Se oyó un sonido en el corredor. Con una rapidez asombrosa, la puerta que se veía del otro lado se abrió y se cerró de nuevo de un golpe detrás del hombre que arrojaron allí, el joven esclavo pelirrojo que estaba de pie frente a Lobo del Sol en la cárcel. El prisionero tropezó y abrió los brazos desatados para equilibrarse; por un instante se quedó de pie en el centro de la habitación, mirando con la boca abierta a su alrededor, ojos azules de bebé, muy anchos y duros de miedo.
Luego, giró en redondo con un grito de terror.
Como una larga aguja de fuego, el copo brillante, o lo que fuera, atacó, una visión instantánea de rapidez increíble. El joven se tambaleó, las manos subieron a cubrir uno de los ojos como si algo lo hubiera picado. Al instante siguiente, se oían sus alaridos a través de la piedra y el vidrio de la pared.

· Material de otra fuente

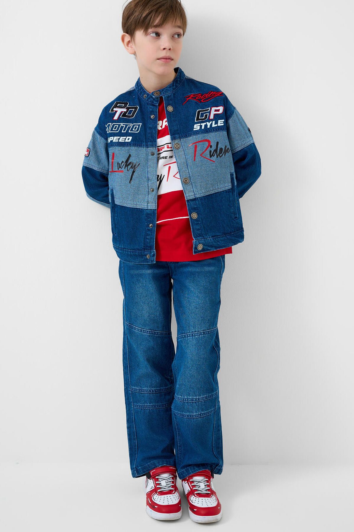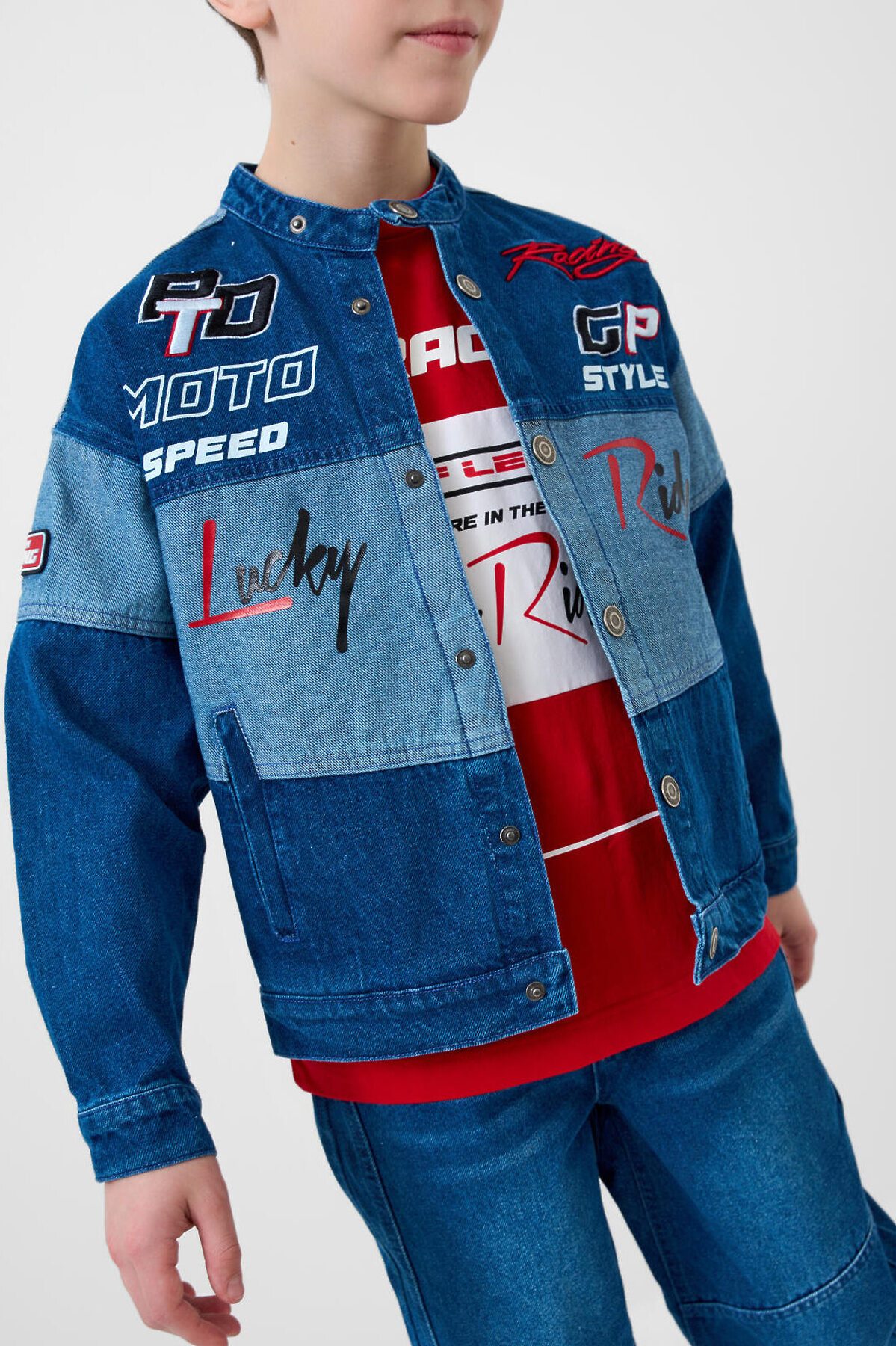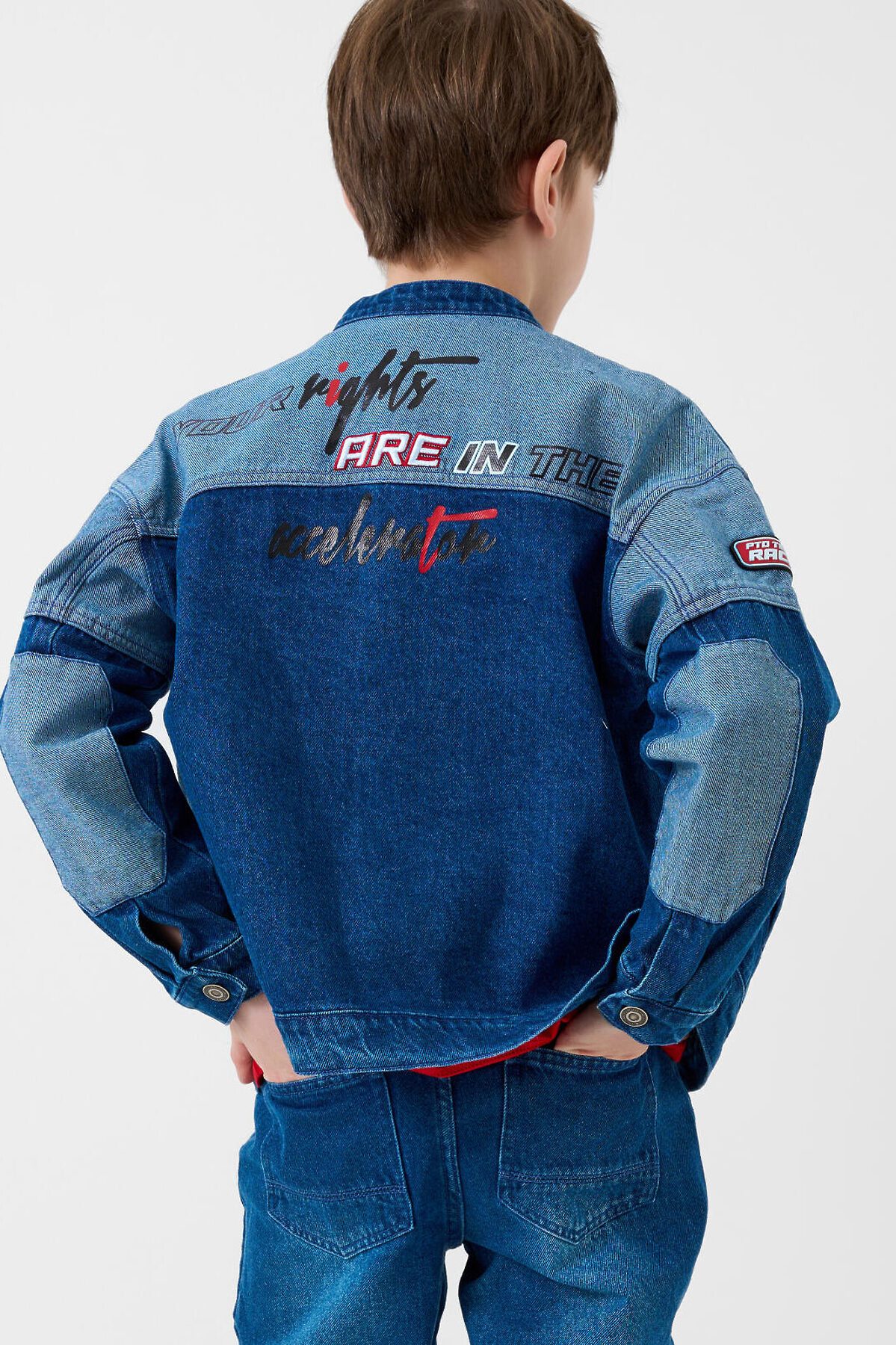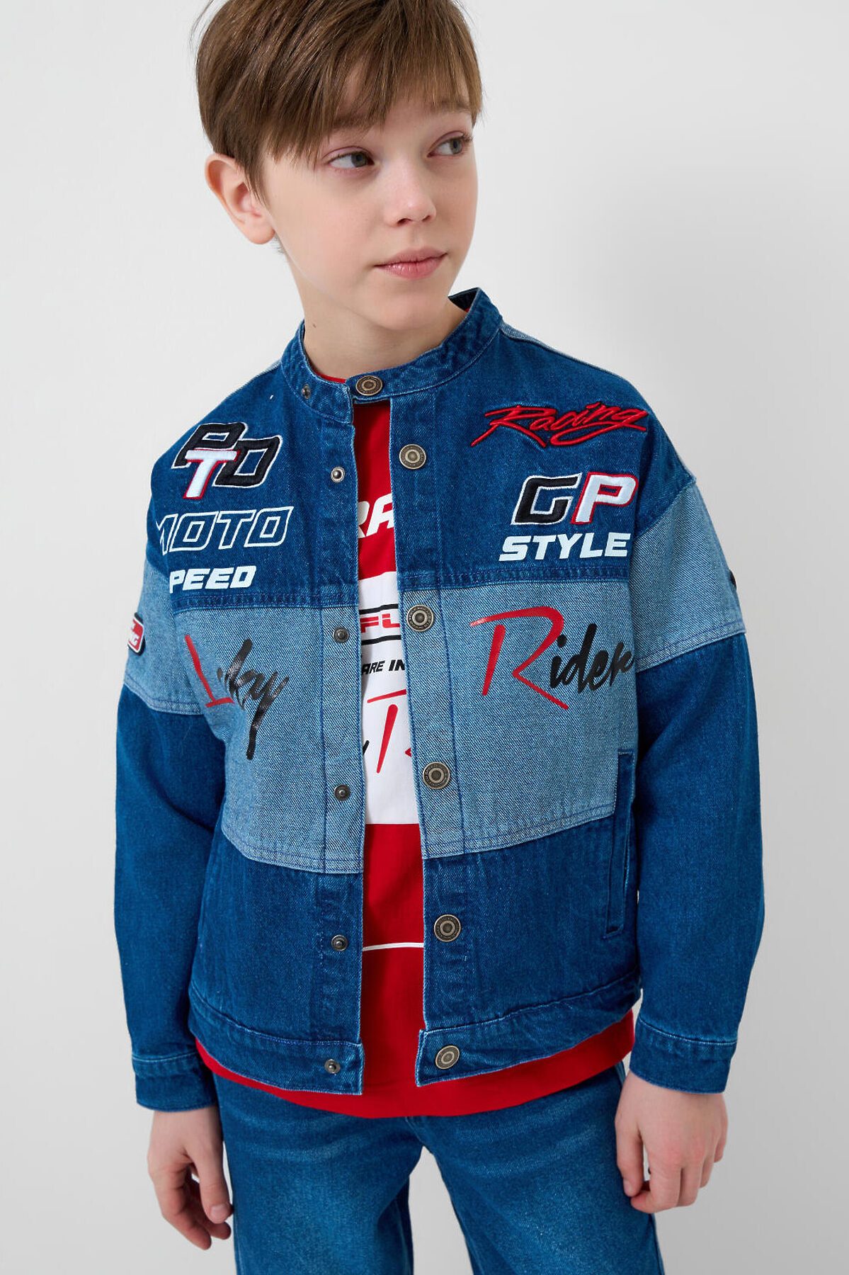 Джинсовая куртка в байкерском стиле, выполнена из плотного тёмно-синего денима с эффектом варки для мальчика подростка. Температурный режим до 15 °C. Модель имеет прямой силуэт и застёжку на кнопках. Два кармана с клапанами на кнопках. Дизайн с декоративными принтами, силиконовыми патчами и текстовыми вставками на спине, рукавах и передней части. Подростковая джинсовка для мальчиков — подойдёт для тёплой весны или ранней осени.

Lo que siguió fue terrible, terrorífico hasta para un mercenario inmune a todas las formas en que los hombres se mataban unos a otros. El muchacho se dobló en dos, aferrándose el ojo y sus gritos subieron hasta llegar a un pico de terror enloquecido. Empezó a correr mientras se clavaba las uñas en el rostro, a ciegas, y tropezaba contra las paredes. Lobo vio un hilo de sangre que caía por entre los dedos crispados mientras las rodillas del muchacho se doblaban. Registró, con una conciencia clara, clínica, el progreso del dolor por las sacudidas y las vueltas del cuerpo del muchacho en el suelo y por la agonía cada vez más aguda y el horror de sus alaridos. Notó cómo picaban y cavaban los dedos enloquecidos, cómo los miembros indefensos se sacudían en todas direcciones y cómo la espalda se curvaba en un arco.
Pareció durar años. El muchacho rodaba por el suelo, aullando…, aullando…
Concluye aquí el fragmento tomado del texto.